Lavender
- March 2008 cover
- Categories: Free Gay periodical
- Frequency: Biweekly
- Circulation: 33,100 = 17,500 (print), 15,600 (Newsstand installs)
- Founded: 1995
- First issue: June 9, 1995
- Company: Lavender Media, Inc.
- Country: United States
- Based in: Minneapolis, Minnesota
- Language: English
- Website: http://www.lavendermagazine.com

= Lavender (magazine) =

American magazine

Lavender is an American biweekly print and online magazine, part of Lavender Media, Inc., published in Minneapolis, Minnesota, for the LGBTQ+ community. It is distributed free of charge in the Twin Cities of Minneapolis and St. Paul and in some other cities throughout Minnesota and western Wisconsin.

== History ==
Founded in 1995 by George Holdgrafer and Stephen Rocheford, Lavenders mission is "to appeal to the greatest number of Minnesota LGBTQ+ readers, and direct them to [their] advertisers." Lavender published its 500th issue in June 2014.

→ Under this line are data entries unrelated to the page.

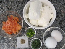 SMOKED SALMON AND GOAT CHEESE BLINTZ FILLING AND SOUR CREAM DILL SAUCE WITH CHIVES :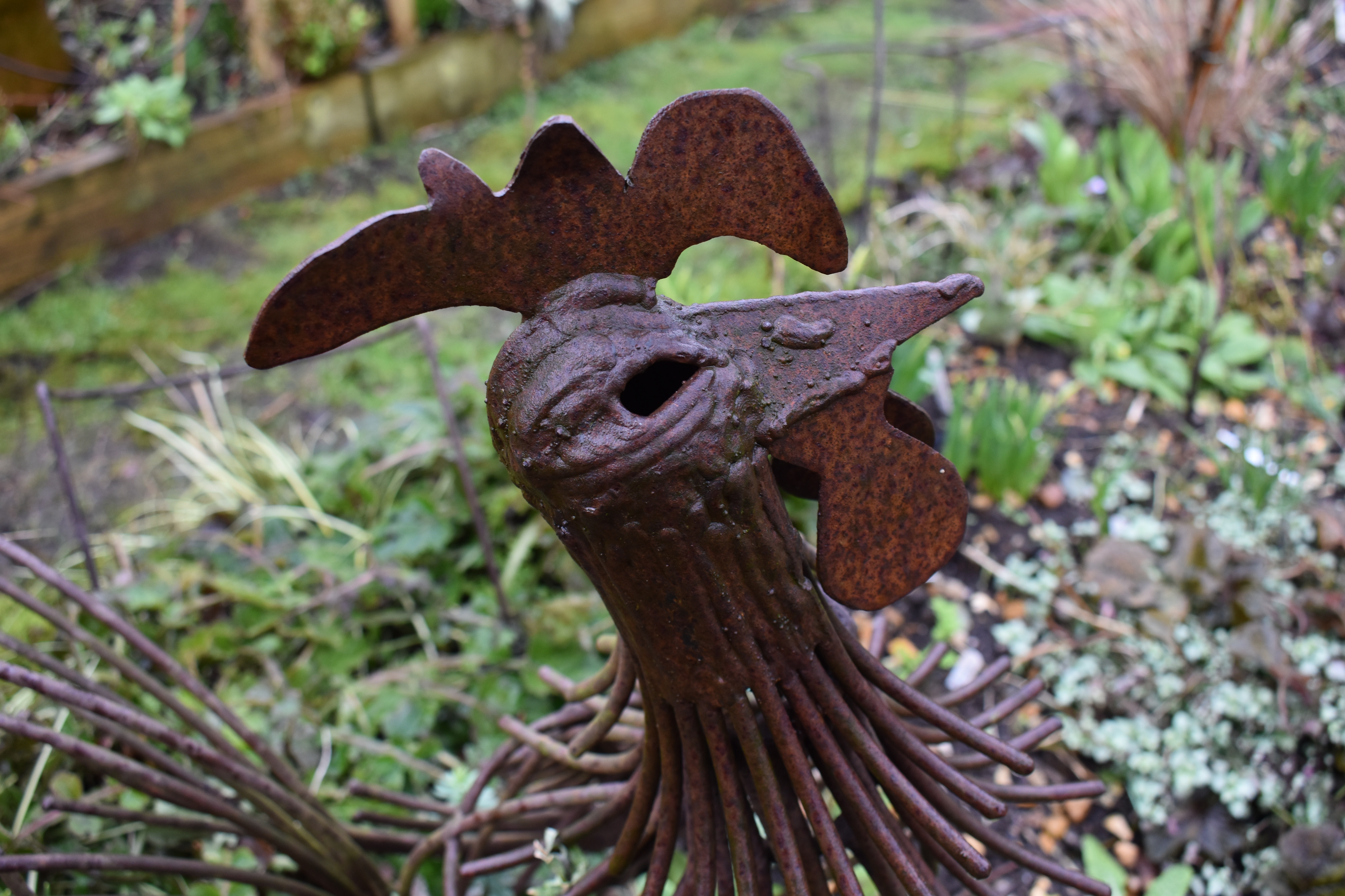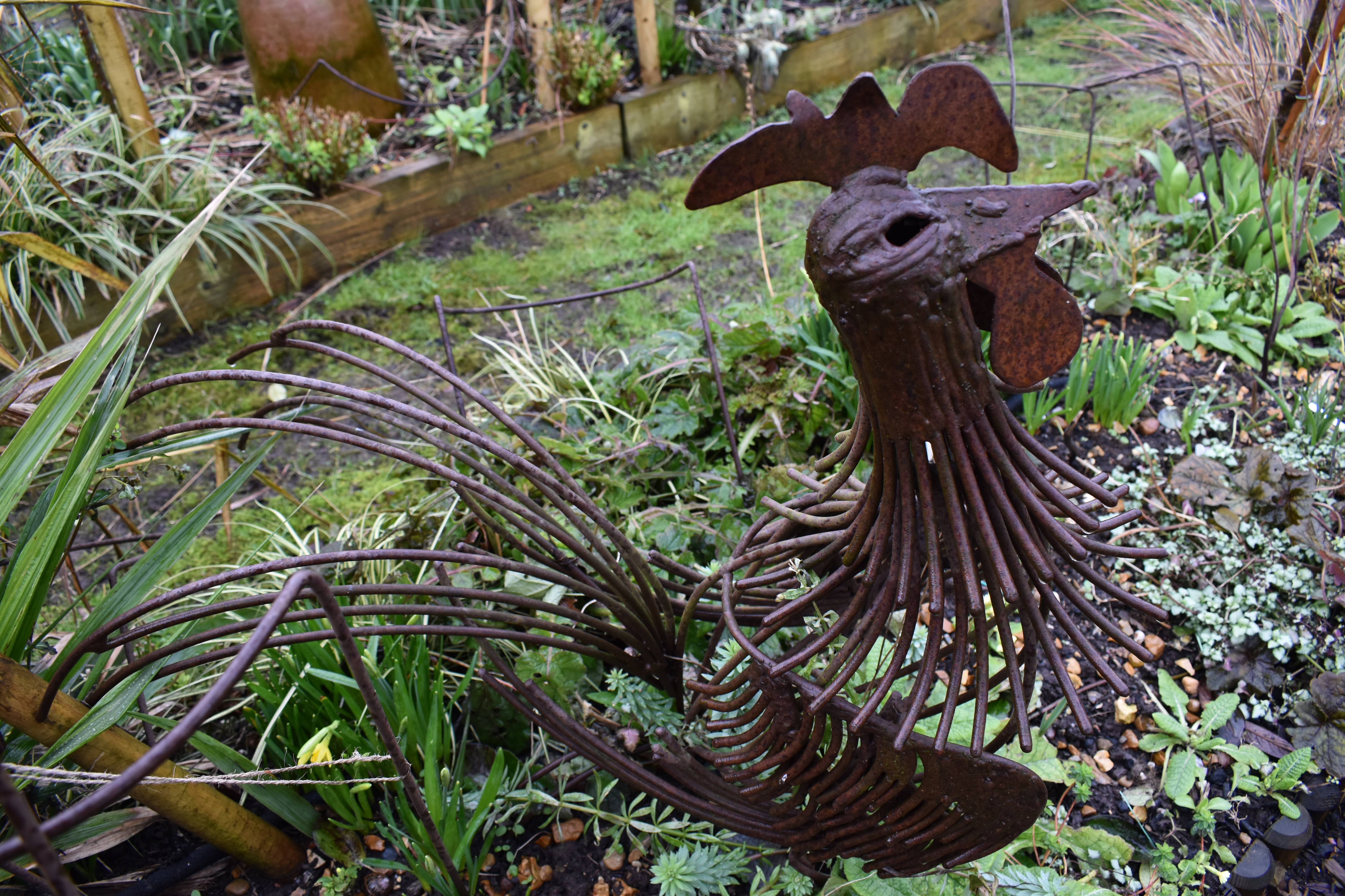 We have two pieces made by an artisan blacksmith who works in South Shropshire, the area of the county in which we live, but he is further south. We bought a tall piece featuring a dragonfly in flight which we have positioned close to the wildlife pond where he looks at home. The second piece is a life sized cockerel which the blacksmith called Gregory and asked us to keep the name!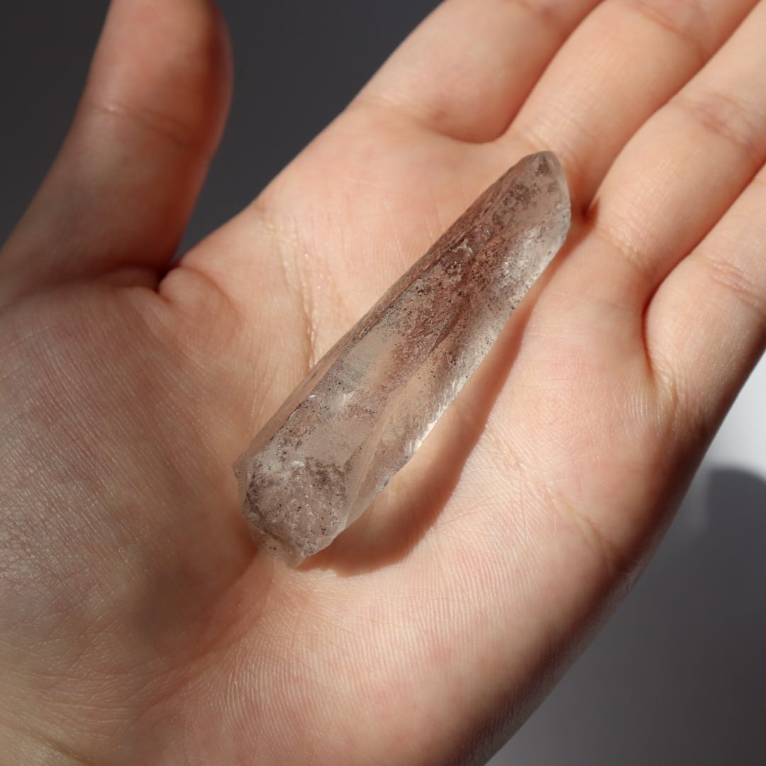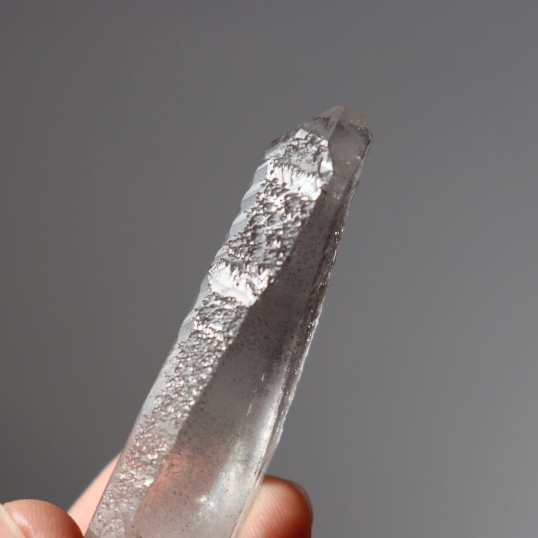 こちらは、圧倒的な透明感とほんのりブラウンの色味が美しいスターブラリークォーツのポイント。ファセットが磨かれたセミポリッシュ仕上げです。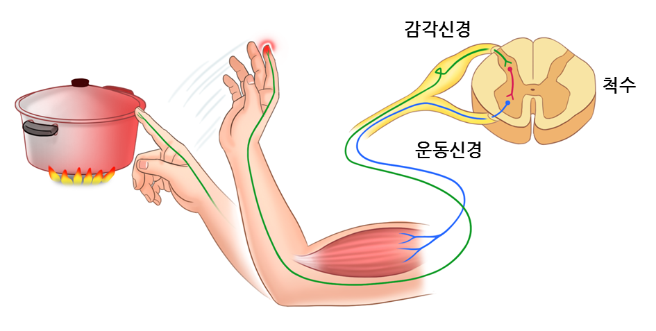 말초 신경에서 감각신경은 척수의 등쪽, 운동신경은 척수의 배쪽에 위치하고 있습니다.
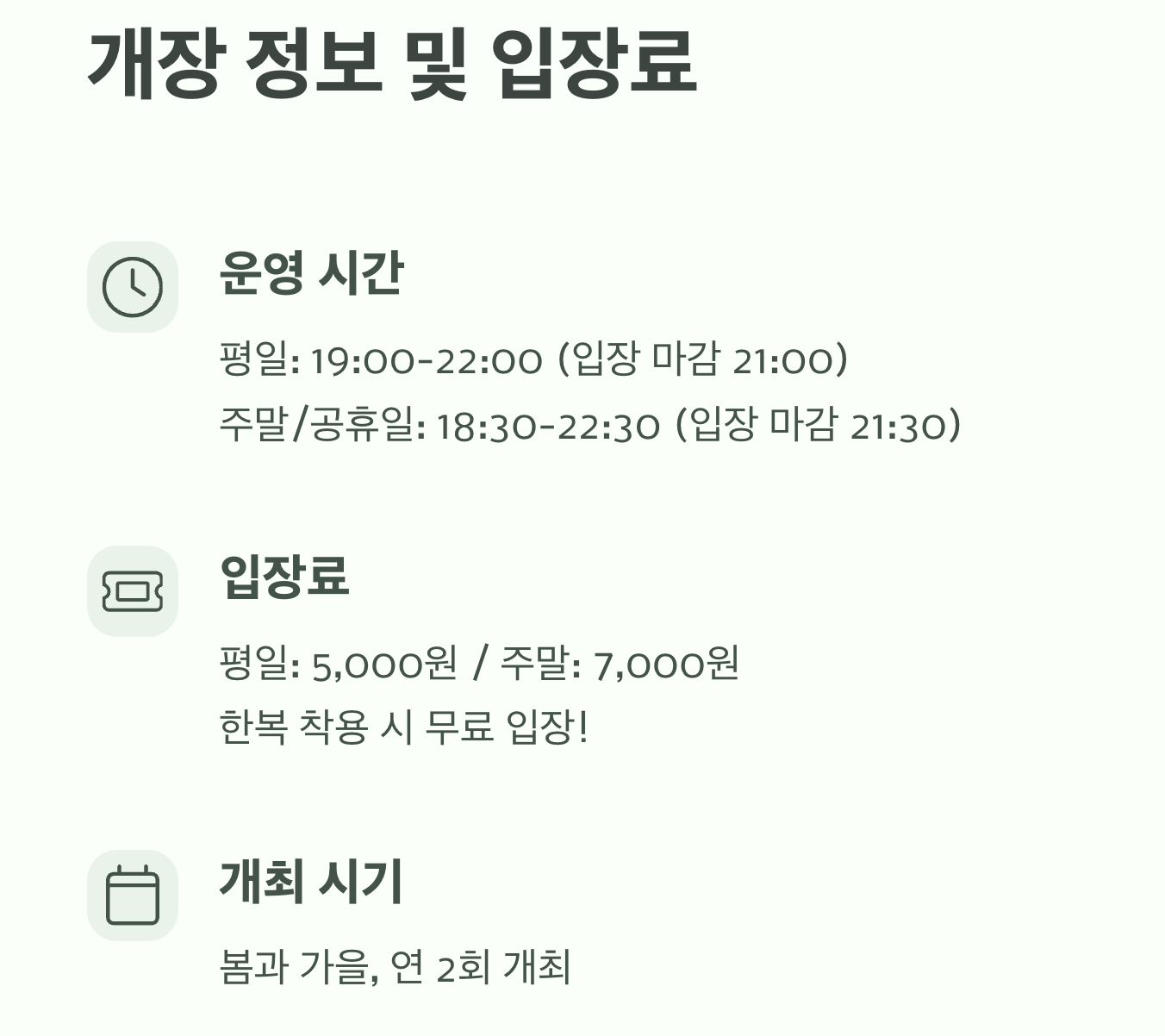 | 주말 및 공휴일 | 18:30 ~ 22:30 (입장 마감 21:30) | 7,000원 |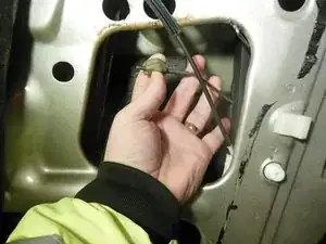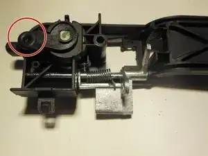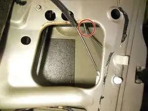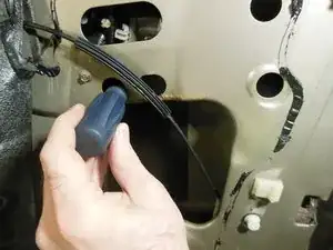 Отсоедините тягу замка двери от кронштейна ручки, вытянув пластиковый наконечник из металлической петли.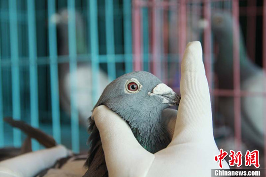 评委在察看一羽信鸽的眼睛。曹新加 摄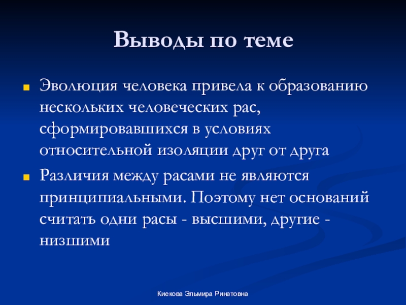 Различия между расами не являются принципиальными. Поэтому нет оснований считать одни расы - высшими, другие -низшими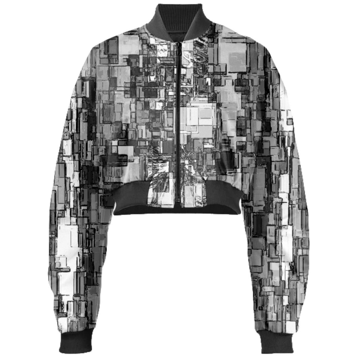 Designed by Gabriel Held this neoprene bomber jacket has a cropped fit with raglan sleeves a zip up front and two welt pockets. Matches with the Gabriel Held Mini Zip Skirt.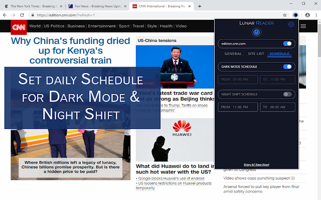 Lunar Dark Reader 扩展将在所有网站上放置深色主题,适用于夜间工作和在线新闻或书籍阅读的深色阅读器。
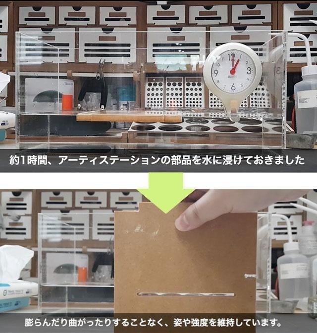 A.アーティステーションは高密度のMDF木材を採用しています。一般MDFに比べてはるかに耐久性に優れています。アーティステーションに使用されるMDFは、透明あるいは白で両面UVコーティングされているため、軽い汚れは水などで簡単に除去できます。

In 2017, Stephen Rocheford, CEO of Lavender, publicly voiced criticism of the exclusion of police officers from the 2017 Twin Cities Pride festival parade.

== Controversies ==
In 2016, after the Pulse nightclub shooting in Orlando, Florida, Lavender editors wrote an article accused of anti-Muslim bias. The opposition to the articles organized a Change.org petition aimed at Stephen Rocheford for singling out Islam as a source of violence.

== Awards ==
In 2016, Lavender was named Magazine of the Year by the Minnesota Magazine & Publishing Association (MMPA). It has also received more than 100 MMPA awards in the categories of overall excellence, best digital media, best internet site, best director, best single cover, best feature article, best regular column, best single topic, best how-to article, best use of visuals, best redesign, best media kit, and best editor's or publisher's editorial.